I Case- x(给定值)大于当前节点的值。因此,我们转到当前节点的右子节点。
II Case- x小于当前节点的值。我们通过当前节点的右子节点的后继者数增加当前计数,然后再次将两个添加到当前计数中(一个用于当前节点,一个用于右子节点。)。首先,在此步骤中,请确保合适的孩子存在或不存在。然后我们移到当前节点的左子节点。
III Case- x等于当前节点的值。在这种情况下,我们将当前节点的右子节点的desc字段的值添加到当前计数中,然后向其添加一个(用于计数右子节点)。同样在这种情况下,我们看到合适的孩子存在或不存在。

计算desc字段的值

  1. 插入–当我们插入一个节点时,我们将新节点的每个前任子节点的child字段增加1。在leftRotate和rightRotate函数中,我们对节点的子字段的值进行了适当的更改。
  2. 删除–删除节点时,我们将从已删除节点的每个上级节点中减少一个。同样,在leftRotate和rightRotate函数中,我们对节点的子字段的值进行了适当的更改。
// C program to find number of elements
// greater than a given value in AVL
#include 
#include 
struct Node {
    int key;
    struct Node* left, *right;
    int height;
    int desc;
};
  
int height(struct Node* N)
{
    if (N == NULL)
        return 0;
    return N->height;
}
  
// A utility function to get maximum
// of two integers
int max(int a, int b)
{
    return (a > b) ? a : b;
}
  
struct Node* newNode(int key)
{
    struct Node* node = (struct Node*)
                    malloc(sizeof(struct Node));
    node->key = key;
    node->left = NULL;
    node->right = NULL;
    node->height = 1; // initially added at leaf
    node->desc = 0;
    return (node);
}
  
// A utility function to right rotate subtree
// rooted with y
struct Node* rightRotate(struct Node* y)
{
    struct Node* x = y->left;
    struct Node* T2 = x->right;
  
    // Perform rotation
    x->right = y;
    y->left = T2;
  
    // Update heights
    y->height = max(height(y->left), height(y->right)) + 1;
    x->height = max(height(x->left), height(x->right)) + 1;
  
    // calculate the number of children of x and y
    // which are changed due to rotation.

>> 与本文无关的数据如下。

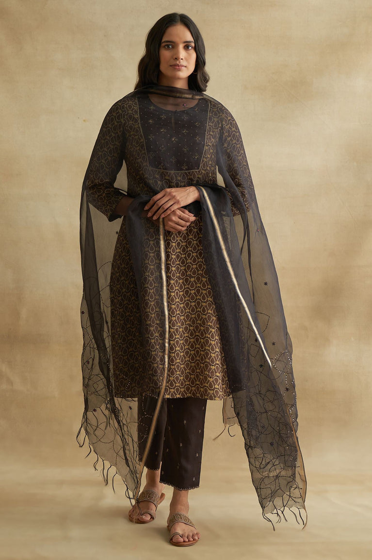 Tailored for effortless style, these dark brown solid straight pants are crafted from breathable woven cotton, perfect for casual and formal settings. Featuring a mid-rise drawstring waist, these pants offer a regular fit that flatters every body type. The straight-leg silhouette ensures a timeless appeal, while the two functional slant pockets add practicality. Designed for comfort and versatility, these pants are ideal for pairing with printed kurtas or casual tops. The lightweight fabric and solid pattern make them a must-have for your wardrobe.
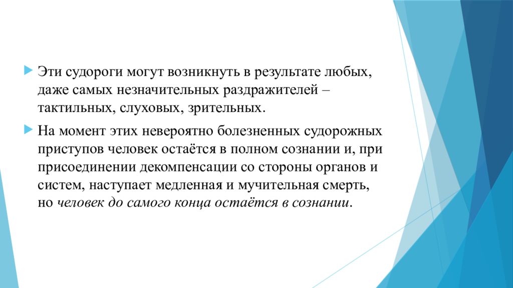 Эти судороги могут возникнуть в результате любых, даже самых незначительных раздражителей – тактильных, слуховых, зрительных. На момент этих невероятно болезненных судорожных приступов человек остаётся в полном сознании и, при присоединении декомпенсации со стороны органов и систем, наступает медленная и мучительная смерть, но человек до самого конца остаётся в сознании.
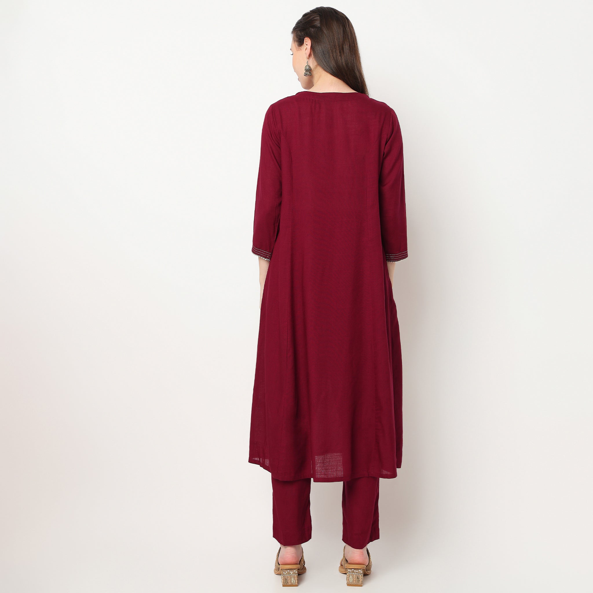 Embroidered V-Neck Kalidar Kurta with Pant Set
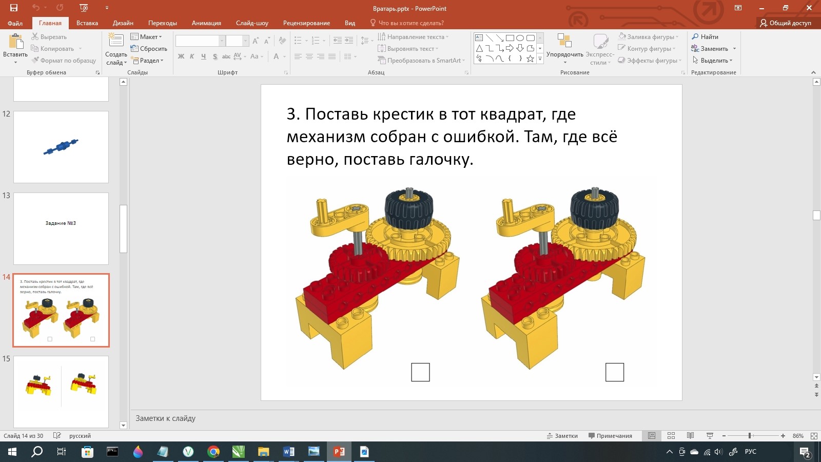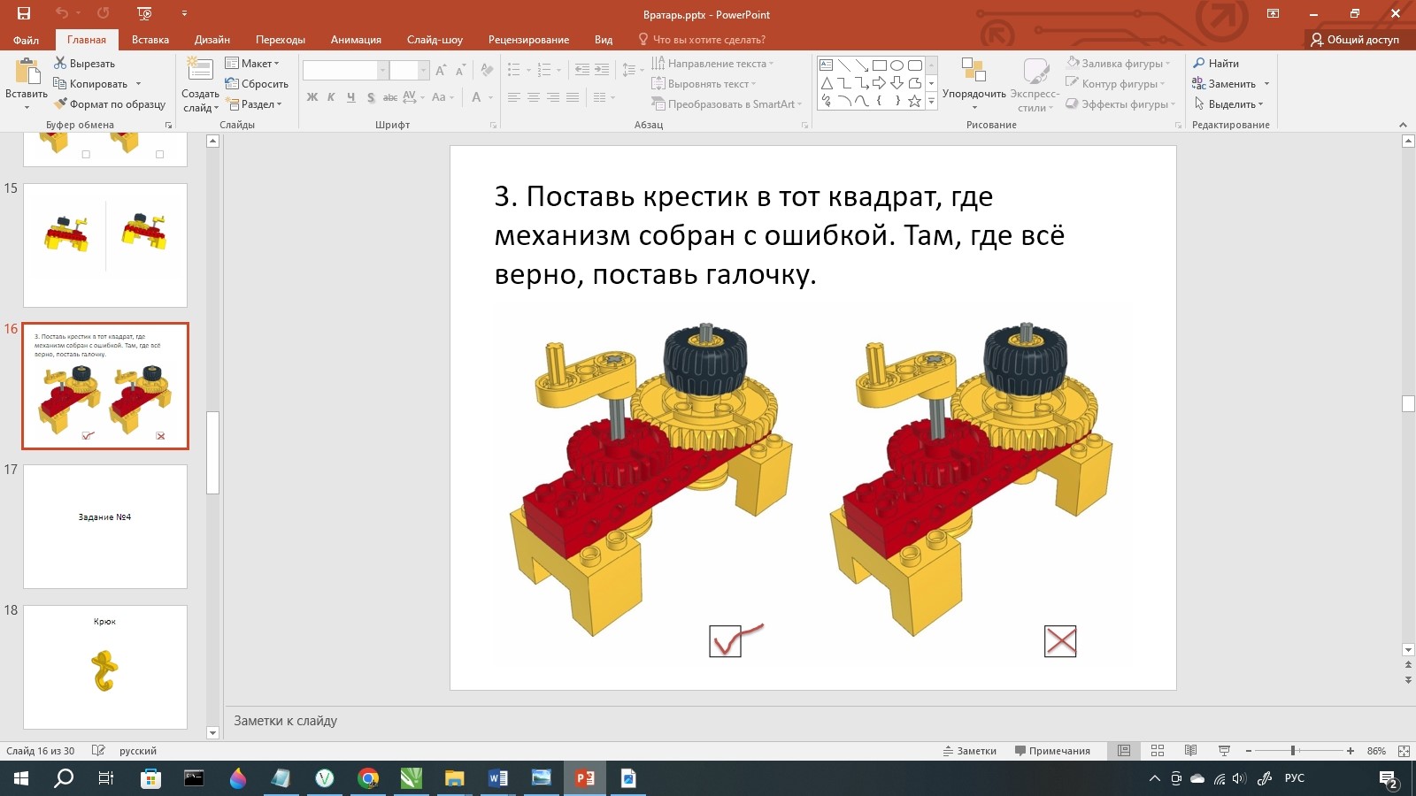 Затем идёт задание №3. В нём, ребятам необходимо поставить крестик в тот квадрат, где механизм собран с ошибкой. Там, где всё верно, поставить галочку.

    int val = (T2 != NULL) ? T2->desc : -1;
    y->desc = y->desc - (x->desc + 1) + (val + 1);
    x->desc = x->desc - (val + 1) + (y->desc + 1);
  
    return x;
}
  
// A utility function to left rotate subtree rooted
// with x
struct Node* leftRotate(struct Node* x)
{
    struct Node* y = x->right;
    struct Node* T2 = y->left;
  
    // Perform rotation
    y->left = x;
    x->right = T2;
  
    // Update heights
    x->height = max(height(x->left), height(x->right)) + 1;
    y->height = max(height(y->left), height(y->right)) + 1;
  
    // calculate the number of children of x and y
    // which are changed due to rotation.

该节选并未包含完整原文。